Part IV: Advanced Topics
In the final part of the book, we will look at advanced methodology and technical details. This part of the book is more theory-heavy in some sections to help ground the design and implementation decisions. We will begin by looking at advanced technical details in 10  Advanced Technical Aspects of mlr3 that are essential reading for advanced users who require parallelization, custom error handling, or large databases. 11  Large-Scale Benchmarking will build on all preceding chapters to introduce large-scale benchmarking experiments that compare many models, tasks, and measures; including how to make use of mlr3 extension packages for loading data, using high-performance computing clusters, and formal statistical analysis of benchmark experiments. 12  Model Interpretation will discuss different packages that are compatible with mlr3 to provide model-agnostic interpretability for feature importance and local explainability of individual predictions. 13  Beyond Regression and Classification will then delve into detail on domain-specific methods that are implemented in our extension packages including survival analysis, density estimation, spatio-temporal analysis, and more.
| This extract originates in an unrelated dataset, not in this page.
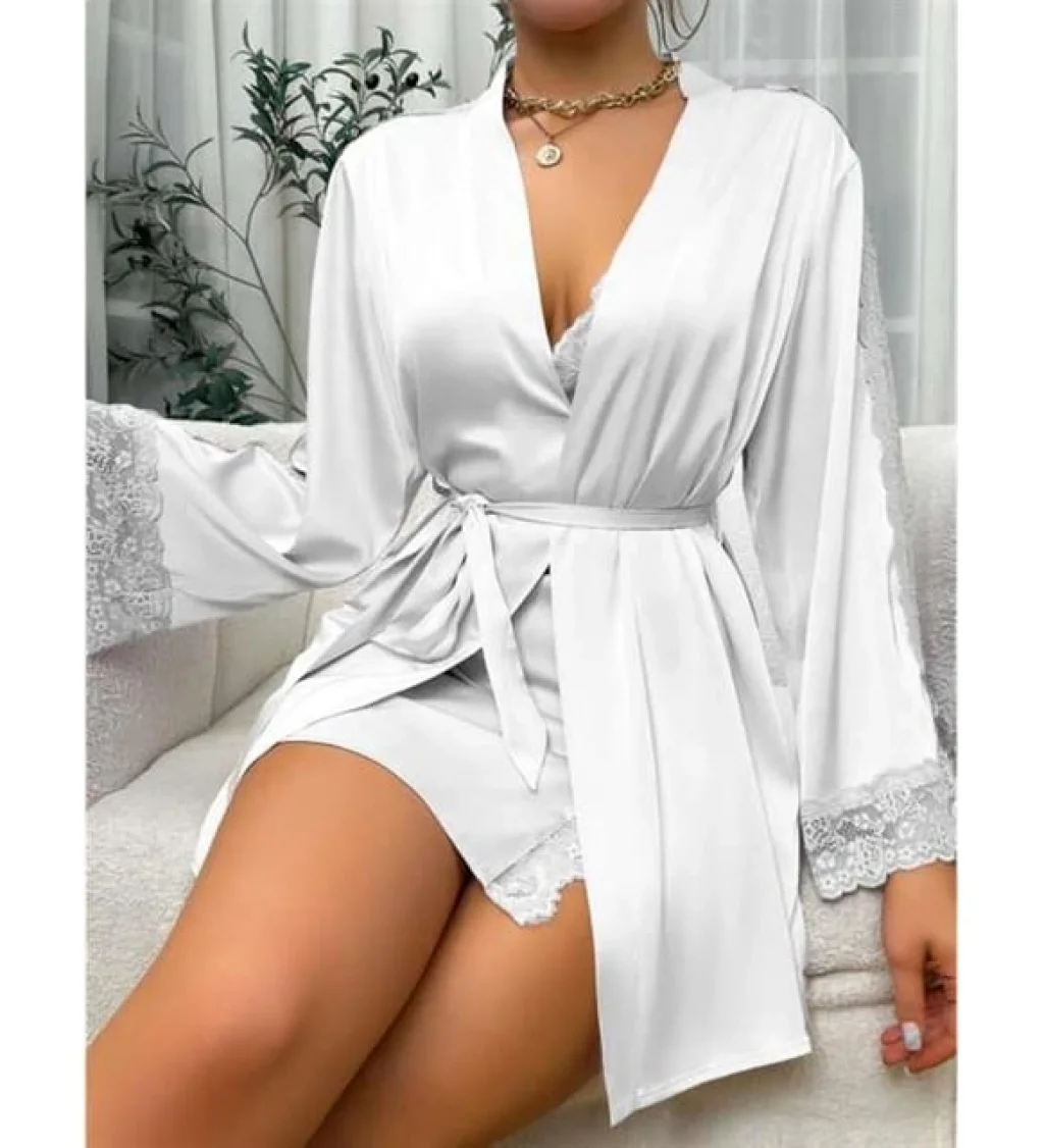 Kullanım Avantajları Zahmetsiz ihtişamı ve bütünsel şıklığı bir arada sunan 2'li kombin avantajı. Sabahın ilk kahvesinden romantik bir akşamın başlangıcına kadar her anınıza eşlik eden bu set, pratikliği lüksle birleştirir. Gecelik ve sabahlığın ikonik uyumu, ek bir hazırlığa gerek kalmadan saniyeler içinde büyüleyici ve bakımlı bir görünüme kavuşmanızı sağlar.

Readers may choose to selectively read sections in this chapter depending on your use case (i.e., if you have domain-specific problems to tackle), or to use these as introductions to new domains to explore. Finally, 14  Algorithmic Fairness will introduce algorithmic fairness, which includes specialized measures and methods to identify and reduce algorithmic biases.

Acknowledgments

As well as the editors and contributing authors, many others have contributed to this book. We would like to acknowledge Stefan Coors for creating many of the images in the book, as well as Daniel Saggau, Jakob Richter, and Marvin Böcker for contributions to earlier drafts the book. We would also like to acknowledge the following organisations that supported various contributors: Munich Center for Machine Learning (MCML), National Science Foundation (NSF), and Mathematical Research Data Initiative (MaRDI).